Both fought Islamic State when it attacked eastern Syria in 2014 and went north with their family when IS conquered the area. Once there, Abu Eliyas joined Failaq al-Sham, and cited its standing in Turkey as one of the attractions.
Failaq al-Sham has ties to the Syrian branch of the Muslim Brotherhood, which mounted an uprising in the 1980s and is deemed a terrorist group by the government.
Close to Turkey, Failaq al-Sham was also one of the recipients of aid channelled through a U.S. Central Intelligence Agency programme that was shut down by President Donald Trump.
Tahrir al-Sham has clashed several times with other rebels in the northwest, and crushed a number of foreign-backed factions.
The brothers have always stayed out of these troubles, though enmity runs deep between the jihadists and some Idlib rebels.
Tensions in Idlib have eased of late. Rebels formed a joint “operations room” in anticipation of an offensive by Syrian government forces that had been expected until Turkey and Russia struck their agreement last month.
Tahrir al-Sham, with which Abu Yousef fights, has widened contacts with other groups and been visiting their rivals, an official in a rival faction said.
If it holds, the agreement between Turkey and Russia could stabilise the map of the Syrian conflict for some time to come. Though Assad is still vowing to take back the area, an Idlib campaign without Russian support is seen as out of the question.

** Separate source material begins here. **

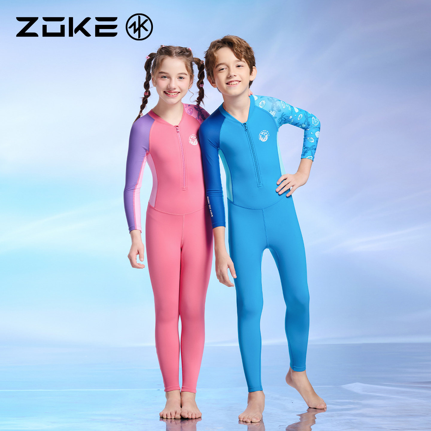 洲克儿童泳衣连体长袖长裤游泳保暖防晒zoke女孩温泉男童度假泳衣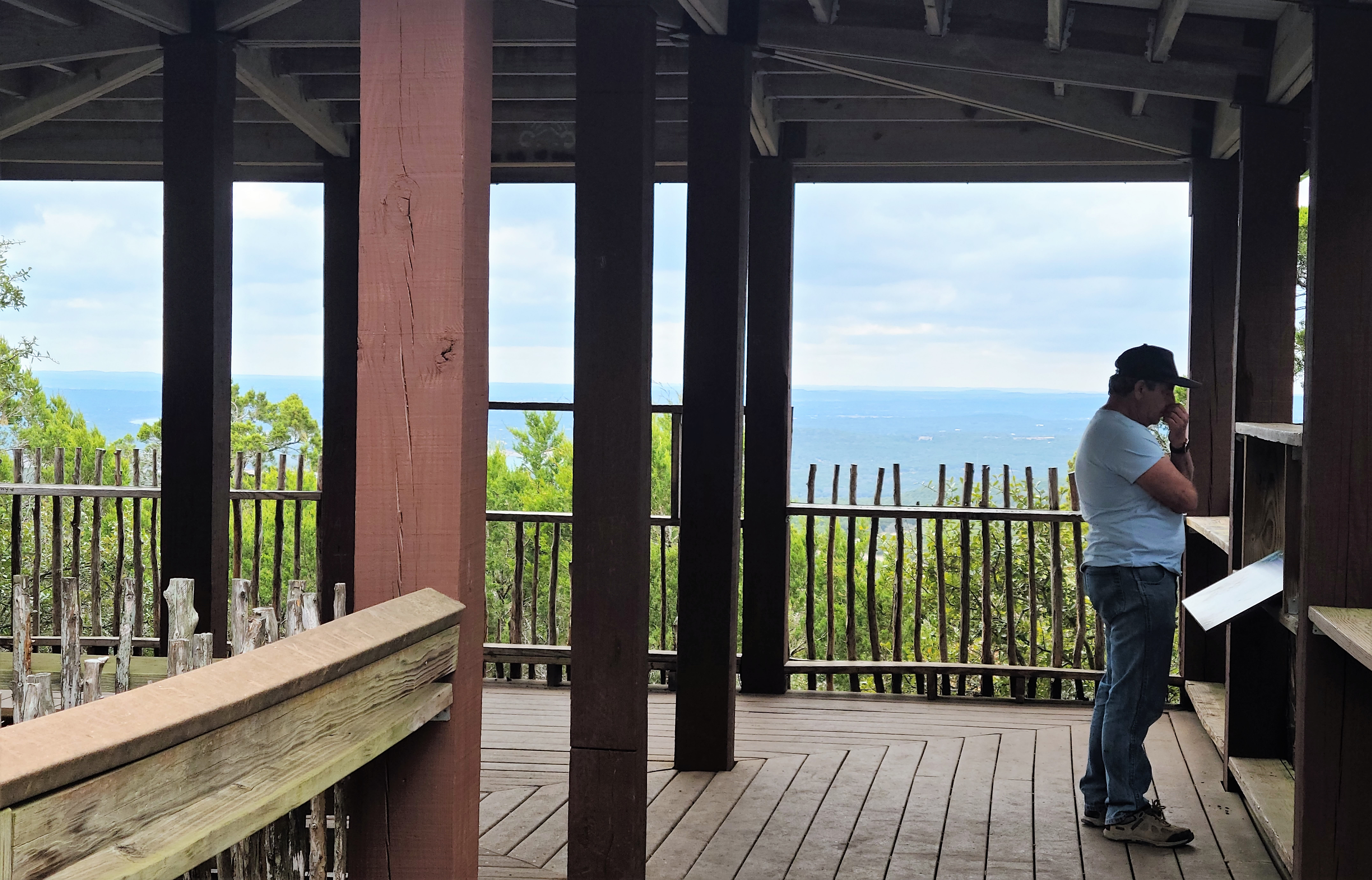 A typical day starts around 8am when we check in and get our tasks for the day/weekend. We are usually set up at whichever trail by around 9am. If we have the Mobile Ranger Station, we open up and wait for folks to ask us questions. Otherwise, we pick a trail to walk, stopping to note any problems that need addressing or talk to other hikers. At Warbler Vista, there’s a really nice covered deck at the end of one trail that we can perch for a while out of the sun and wind. (See the photo in the collage at the top.) At Doeskin, the trails all start from a central hub, so we can set up our chairs there in the shade and watch the scissortail flycatchers chase each other around. We are packing up and heading back to headquarters by around 3:30 to check in, return vehicles, and take care of anything needing doing. Home with our feet propped up by 4:30, being entertained by the birds.

Writing in the Wall Street Journal last month, Erdogan said “moderate rebels” should be part of an “international counterterrorism operation” that would target “terrorist and extremist elements” and “bring to justice foreign fighters”.
Abu Yousef sees a conspiracy to weaken the rebellion by dividing opposition forces.
“The Russian-Turkish agreement is a tactic to finish off what remains of the areas held by the revolution,” he said. “We must depend on ourselves, and nobody else.”
Despite his faith in Turkey, Abu Eliyas is also worried.
“Failaq al-Sham’s relationship with Turkey secured many benefits for the region … but we fear the Turks will fall into the Russian trap that aims to disarm Tahrir al-Sham,” he said.